PROVIDED RECORDS
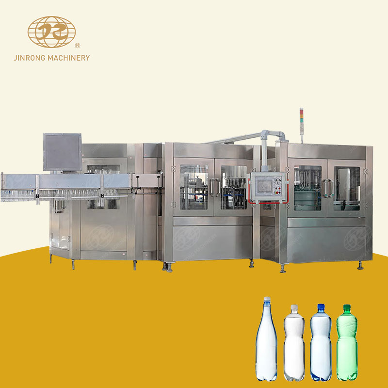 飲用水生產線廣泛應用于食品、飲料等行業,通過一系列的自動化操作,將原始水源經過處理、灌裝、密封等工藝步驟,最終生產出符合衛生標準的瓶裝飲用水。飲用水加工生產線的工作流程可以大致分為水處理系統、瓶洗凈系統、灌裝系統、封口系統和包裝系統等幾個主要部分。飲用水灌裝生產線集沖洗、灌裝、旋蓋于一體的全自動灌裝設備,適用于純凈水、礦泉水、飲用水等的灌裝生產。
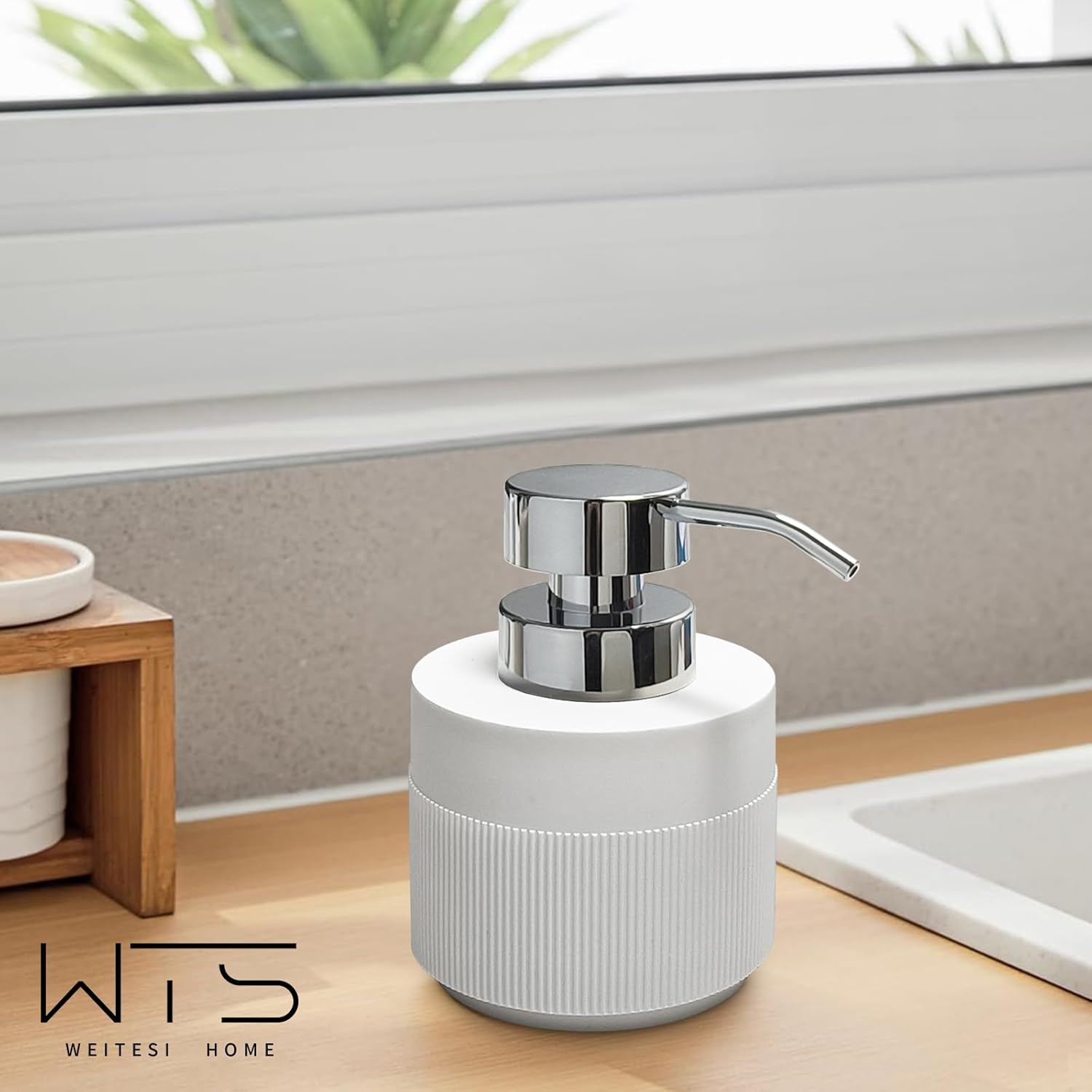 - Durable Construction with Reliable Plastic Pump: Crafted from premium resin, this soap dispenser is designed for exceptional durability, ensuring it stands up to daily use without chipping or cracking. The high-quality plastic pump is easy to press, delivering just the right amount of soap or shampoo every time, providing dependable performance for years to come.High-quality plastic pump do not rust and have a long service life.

---

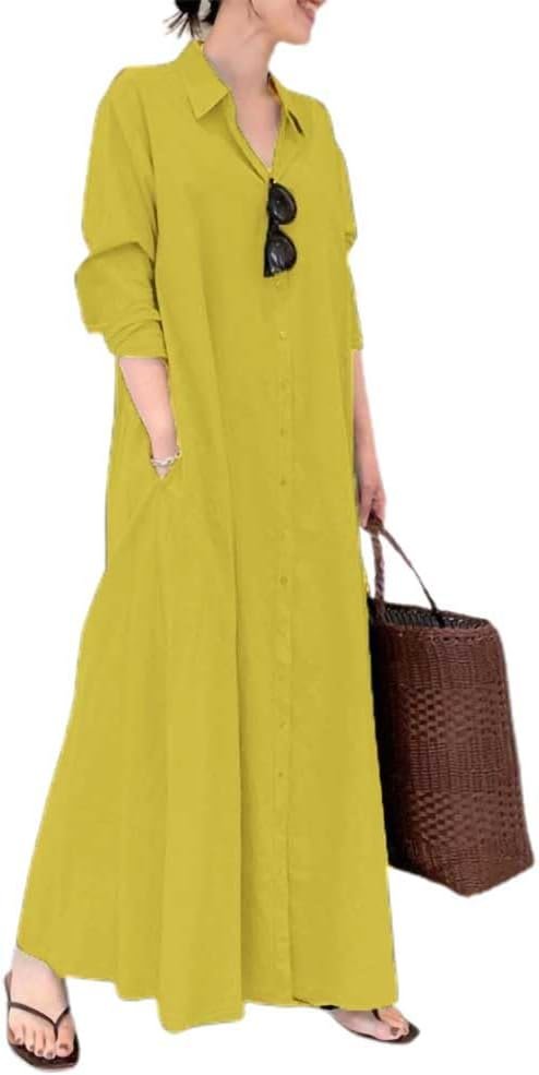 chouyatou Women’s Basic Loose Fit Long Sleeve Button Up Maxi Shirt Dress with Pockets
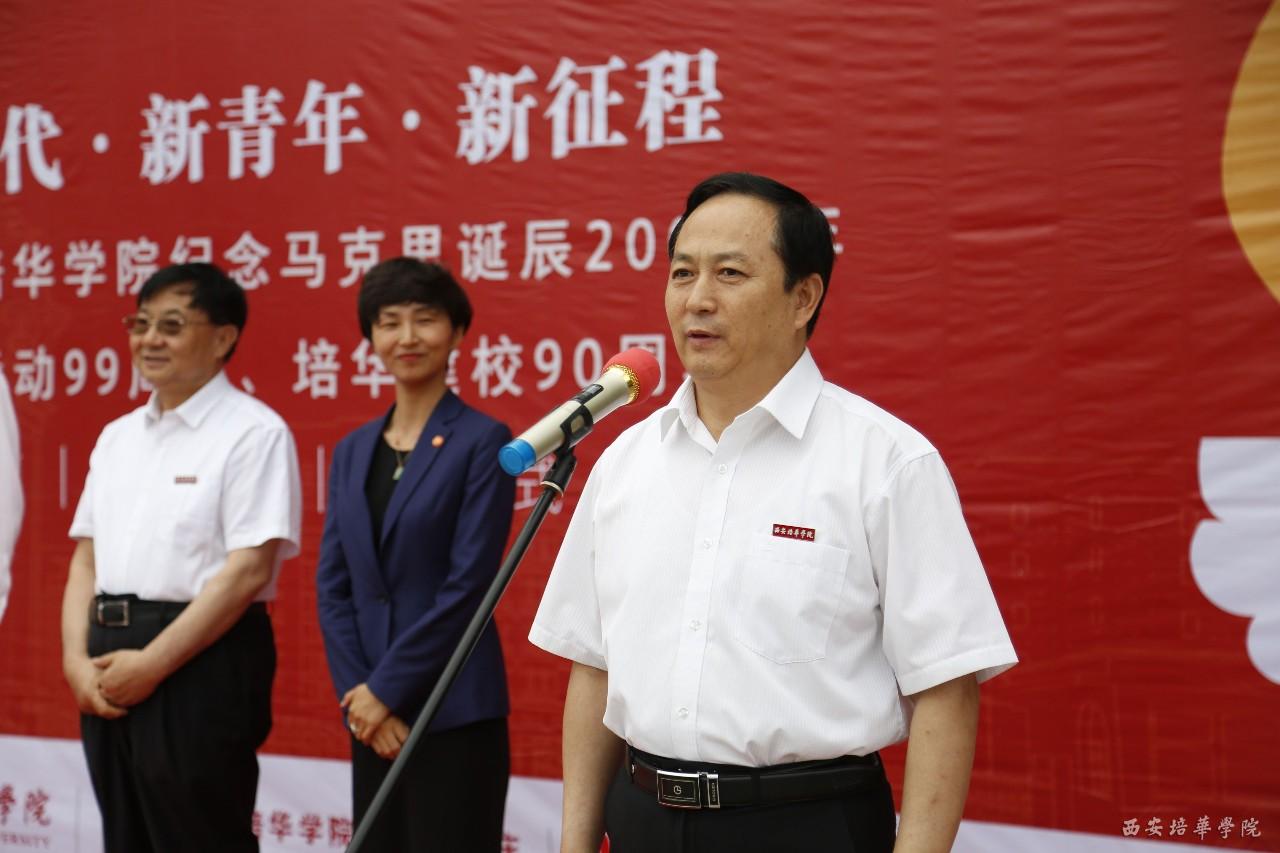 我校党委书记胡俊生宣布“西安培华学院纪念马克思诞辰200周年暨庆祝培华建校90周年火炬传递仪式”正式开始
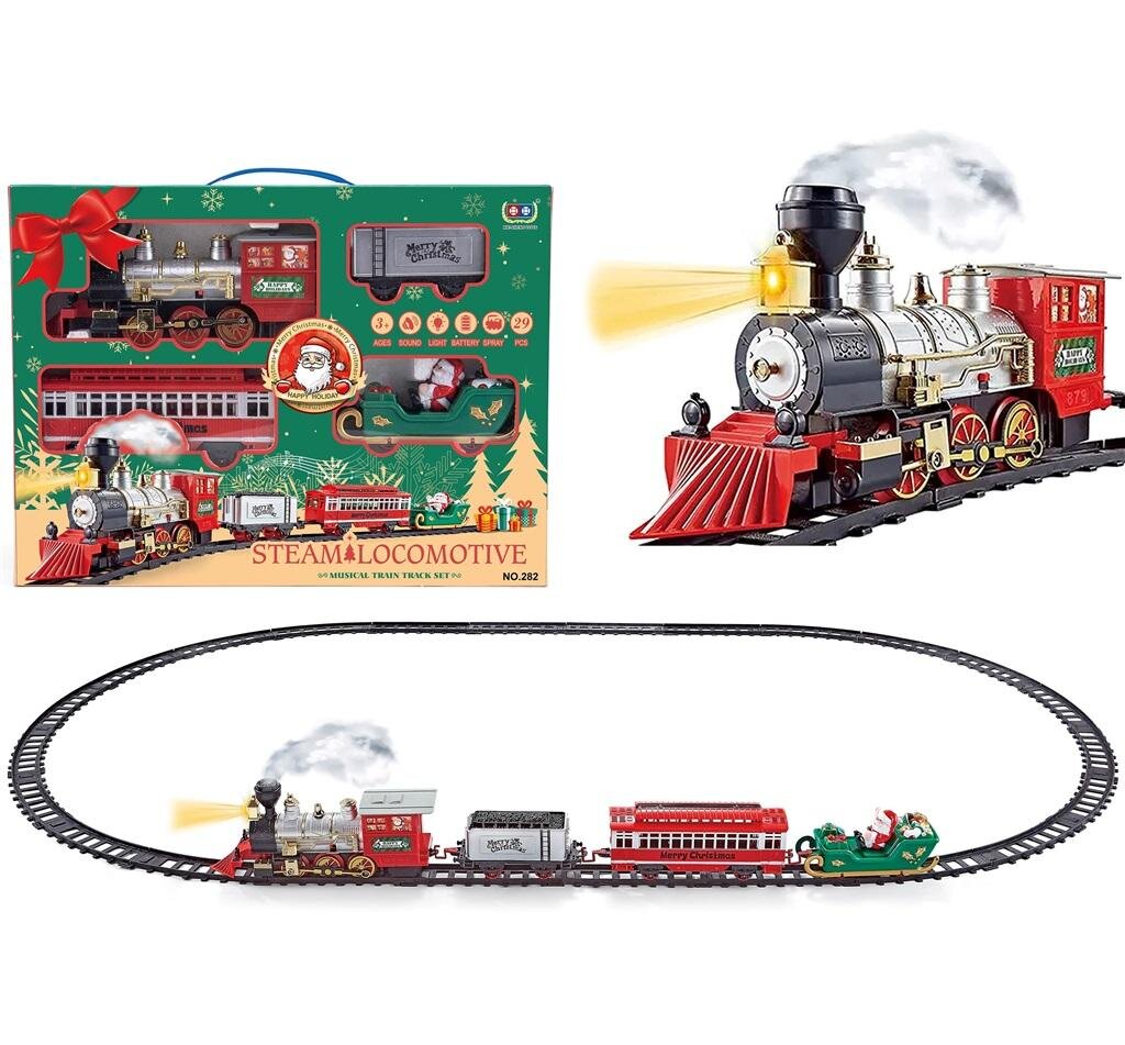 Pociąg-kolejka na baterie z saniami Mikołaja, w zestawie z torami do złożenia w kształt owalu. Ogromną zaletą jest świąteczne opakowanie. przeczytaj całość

==

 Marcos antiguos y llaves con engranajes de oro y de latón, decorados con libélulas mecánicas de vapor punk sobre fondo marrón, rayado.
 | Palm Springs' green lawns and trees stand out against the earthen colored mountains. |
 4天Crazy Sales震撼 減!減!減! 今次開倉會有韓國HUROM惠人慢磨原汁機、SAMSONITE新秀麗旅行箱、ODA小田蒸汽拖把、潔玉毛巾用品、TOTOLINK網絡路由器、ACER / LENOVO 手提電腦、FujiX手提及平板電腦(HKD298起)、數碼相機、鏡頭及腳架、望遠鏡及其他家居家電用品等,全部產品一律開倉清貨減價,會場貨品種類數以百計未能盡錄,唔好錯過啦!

WORK REQUIRED
Transcribe, exactly and without pictures, everything in the data from the line with "chouyatou Women’s Basic" down to the line with "Pociąg-kolejka na baterie", both included.

SOLUTION FOR THIS TASK
 chouyatou Women’s Basic Loose Fit Long Sleeve Button Up Maxi Shirt Dress with Pockets
 我校党委书记胡俊生宣布“西安培华学院纪念马克思诞辰200周年暨庆祝培华建校90周年火炬传递仪式”正式开始
 Pociąg-kolejka na baterie z saniami Mikołaja, w zestawie z torami do złożenia w kształt owalu. Ogromną zaletą jest świąteczne opakowanie. przeczytaj całość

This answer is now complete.